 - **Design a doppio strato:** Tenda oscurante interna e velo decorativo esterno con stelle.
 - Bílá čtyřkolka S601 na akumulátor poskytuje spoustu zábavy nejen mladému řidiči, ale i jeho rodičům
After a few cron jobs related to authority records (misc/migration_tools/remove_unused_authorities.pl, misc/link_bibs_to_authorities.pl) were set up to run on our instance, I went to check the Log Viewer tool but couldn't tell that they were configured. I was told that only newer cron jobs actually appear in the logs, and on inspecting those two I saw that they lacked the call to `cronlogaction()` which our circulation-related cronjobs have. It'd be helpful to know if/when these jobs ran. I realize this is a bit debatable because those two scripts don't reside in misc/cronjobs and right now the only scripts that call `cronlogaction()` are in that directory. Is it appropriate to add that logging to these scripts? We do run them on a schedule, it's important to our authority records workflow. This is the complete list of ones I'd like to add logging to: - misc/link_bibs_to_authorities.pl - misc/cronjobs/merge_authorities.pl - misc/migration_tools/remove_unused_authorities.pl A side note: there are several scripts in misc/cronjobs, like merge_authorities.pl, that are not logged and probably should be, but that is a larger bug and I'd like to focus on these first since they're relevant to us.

====

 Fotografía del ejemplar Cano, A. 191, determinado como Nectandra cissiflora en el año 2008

====

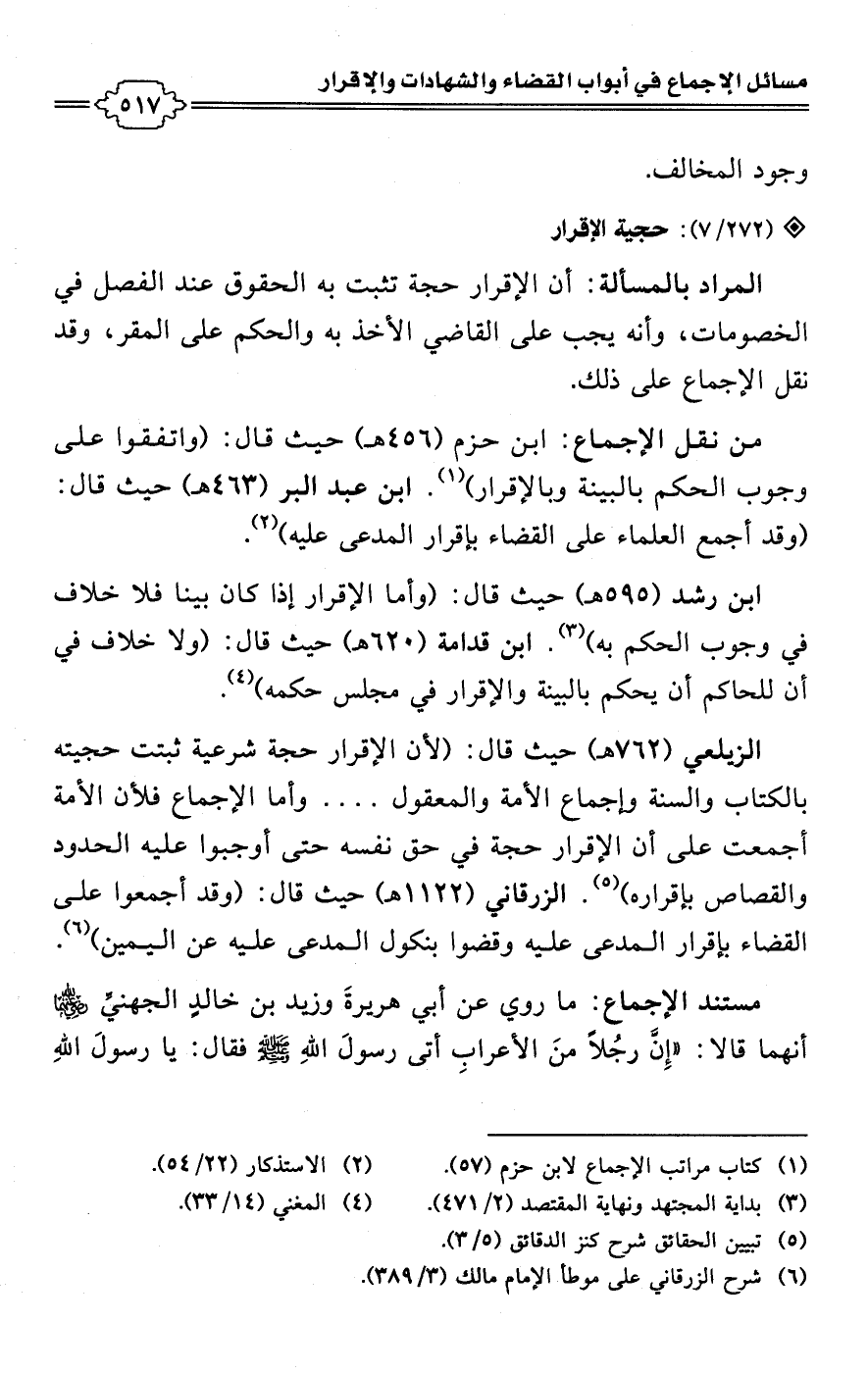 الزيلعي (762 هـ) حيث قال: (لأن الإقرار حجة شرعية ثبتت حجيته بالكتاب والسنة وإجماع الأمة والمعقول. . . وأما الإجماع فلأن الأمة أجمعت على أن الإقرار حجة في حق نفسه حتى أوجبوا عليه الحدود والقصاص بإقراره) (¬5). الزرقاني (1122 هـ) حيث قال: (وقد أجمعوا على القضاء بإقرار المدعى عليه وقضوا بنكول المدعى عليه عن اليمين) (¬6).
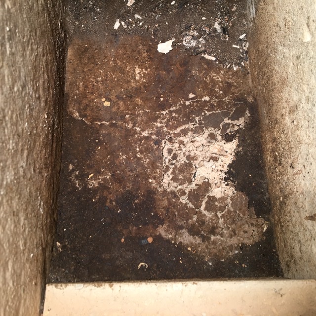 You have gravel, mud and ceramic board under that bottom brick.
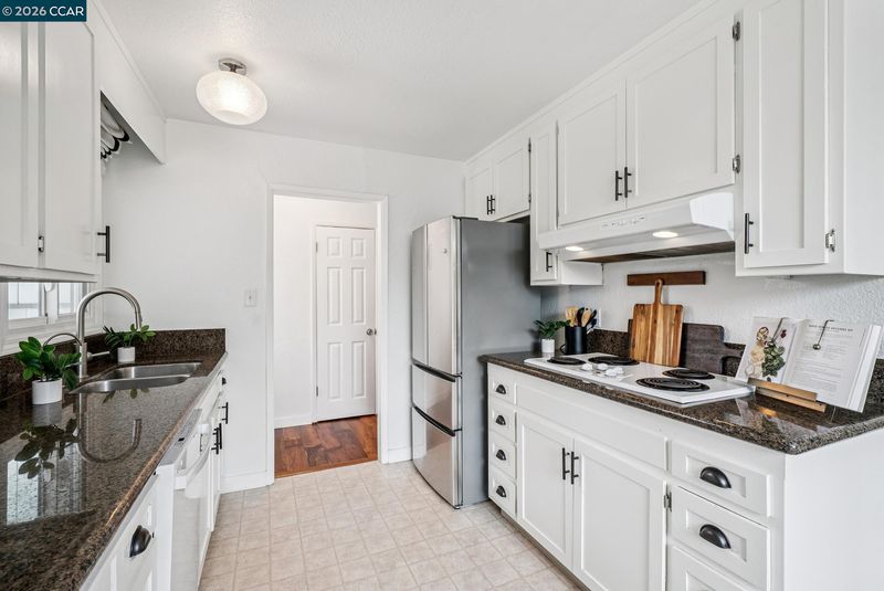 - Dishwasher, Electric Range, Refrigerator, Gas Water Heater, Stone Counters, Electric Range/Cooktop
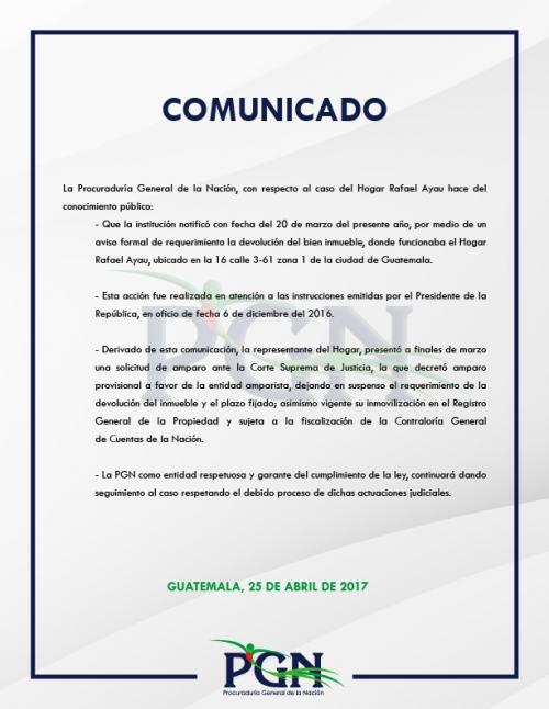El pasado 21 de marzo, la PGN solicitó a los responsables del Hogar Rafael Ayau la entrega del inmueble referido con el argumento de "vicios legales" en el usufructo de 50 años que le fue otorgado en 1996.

====

YOUR OBJECTIVE: Set down again, word for word, every line from the one with "You have gravel, mud" to the one with "El pasado 21" in the entries above, and omit the pictures.

EXERCISE ANSWER:
 You have gravel, mud and ceramic board under that bottom brick.
 - Dishwasher, Electric Range, Refrigerator, Gas Water Heater, Stone Counters, Electric Range/Cooktop
El pasado 21 de marzo, la PGN solicitó a los responsables del Hogar Rafael Ayau la entrega del inmueble referido con el argumento de "vicios legales" en el usufructo de 50 años que le fue otorgado en 1996.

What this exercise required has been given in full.